> _EXERCISE AIM_
Once the pictures are set aside, print the records that follow exactly as written.
Segment Start: GIVEN ENTRIES
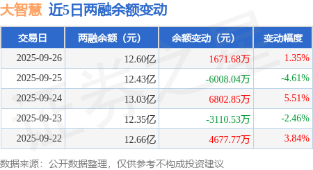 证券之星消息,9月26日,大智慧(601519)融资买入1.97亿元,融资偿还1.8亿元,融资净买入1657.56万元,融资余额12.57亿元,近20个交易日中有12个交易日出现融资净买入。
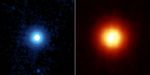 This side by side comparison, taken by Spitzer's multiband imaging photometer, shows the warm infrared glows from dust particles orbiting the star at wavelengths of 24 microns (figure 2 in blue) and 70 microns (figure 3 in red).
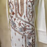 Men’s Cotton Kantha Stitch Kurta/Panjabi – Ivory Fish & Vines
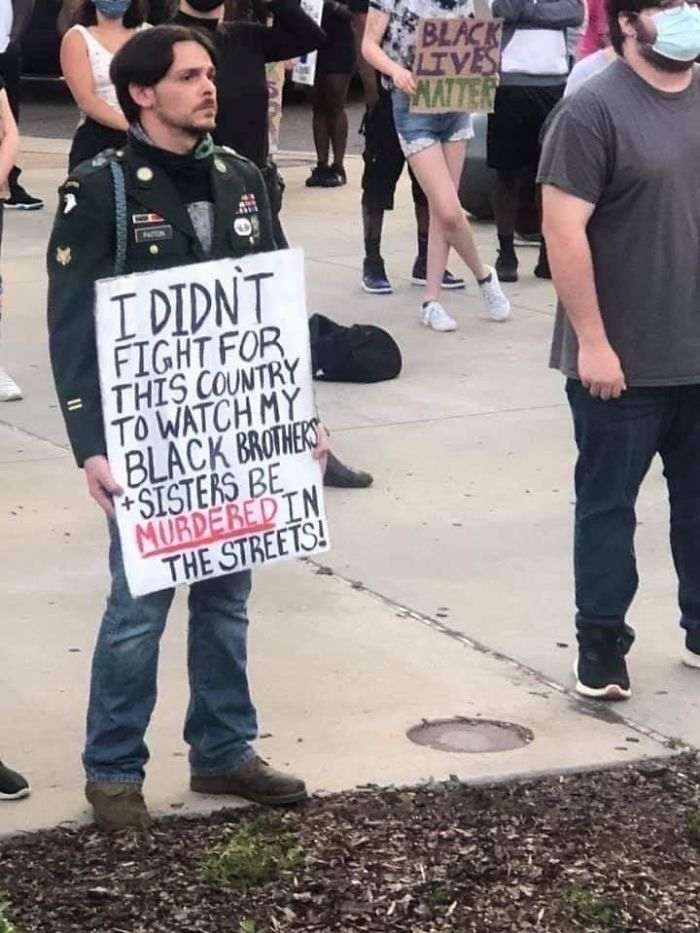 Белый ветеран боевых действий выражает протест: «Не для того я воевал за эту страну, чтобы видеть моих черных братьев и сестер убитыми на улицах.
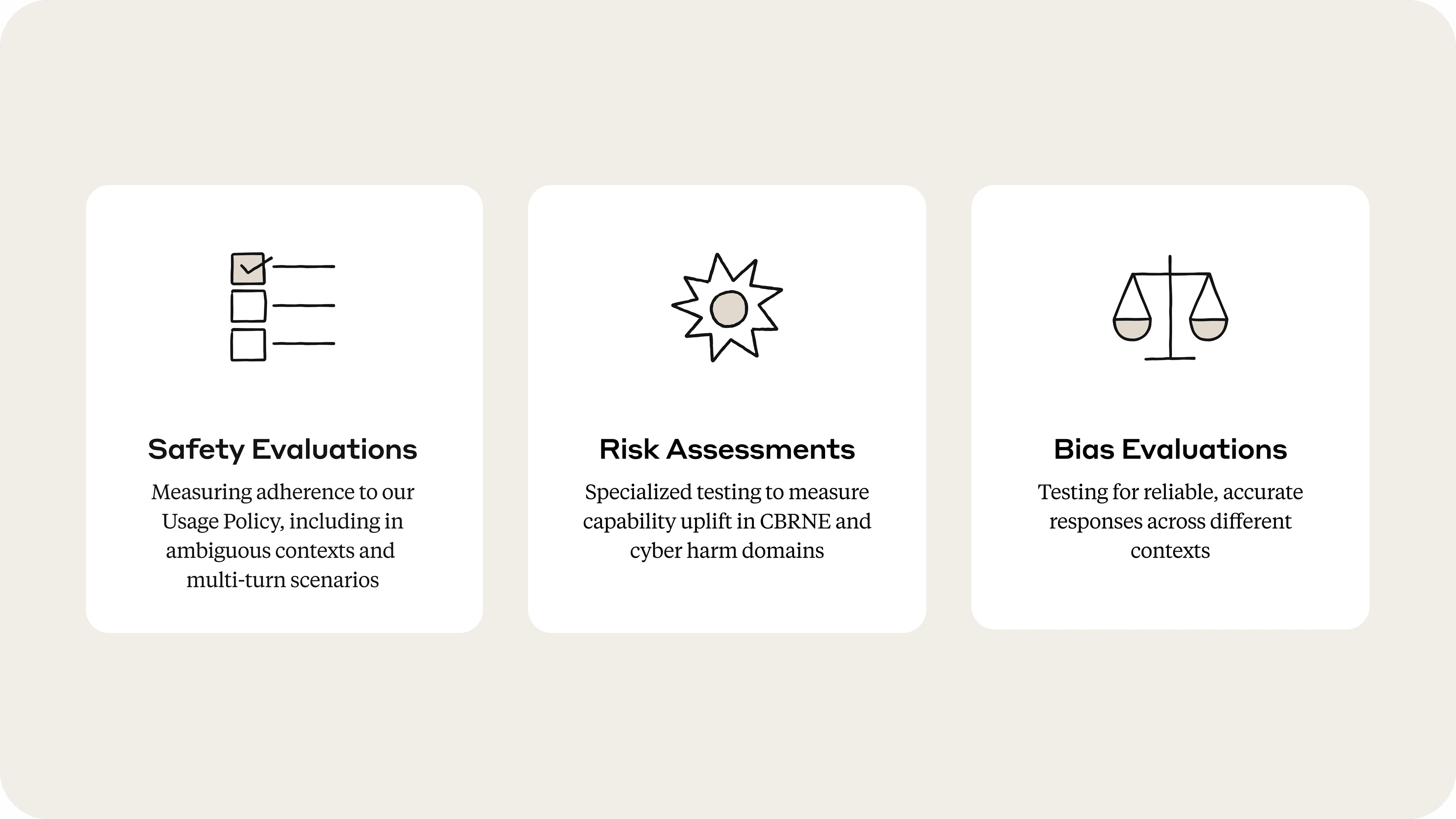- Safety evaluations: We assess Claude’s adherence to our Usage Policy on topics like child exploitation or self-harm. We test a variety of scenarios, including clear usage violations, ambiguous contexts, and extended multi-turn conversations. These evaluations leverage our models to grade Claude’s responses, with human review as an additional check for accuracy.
Segment End: GIVEN ENTRIES
> _SOLUTION FOR THIS PROBLEM_
 证券之星消息,9月26日,大智慧(601519)融资买入1.97亿元,融资偿还1.8亿元,融资净买入1657.56万元,融资余额12.57亿元,近20个交易日中有12个交易日出现融资净买入。
 This side by side comparison, taken by Spitzer's multiband imaging photometer, shows the warm infrared glows from dust particles orbiting the star at wavelengths of 24 microns (figure 2 in blue) and 70 microns (figure 3 in red).
 Men’s Cotton Kantha Stitch Kurta/Panjabi – Ivory Fish & Vines
 Белый ветеран боевых действий выражает протест: «Не для того я воевал за эту страну, чтобы видеть моих черных братьев и сестер убитыми на улицах.
- Safety evaluations: We assess Claude’s adherence to our Usage Policy on topics like child exploitation or self-harm. We test a variety of scenarios, including clear usage violations, ambiguous contexts, and extended multi-turn conversations. These evaluations leverage our models to grade Claude’s responses, with human review as an additional check for accuracy.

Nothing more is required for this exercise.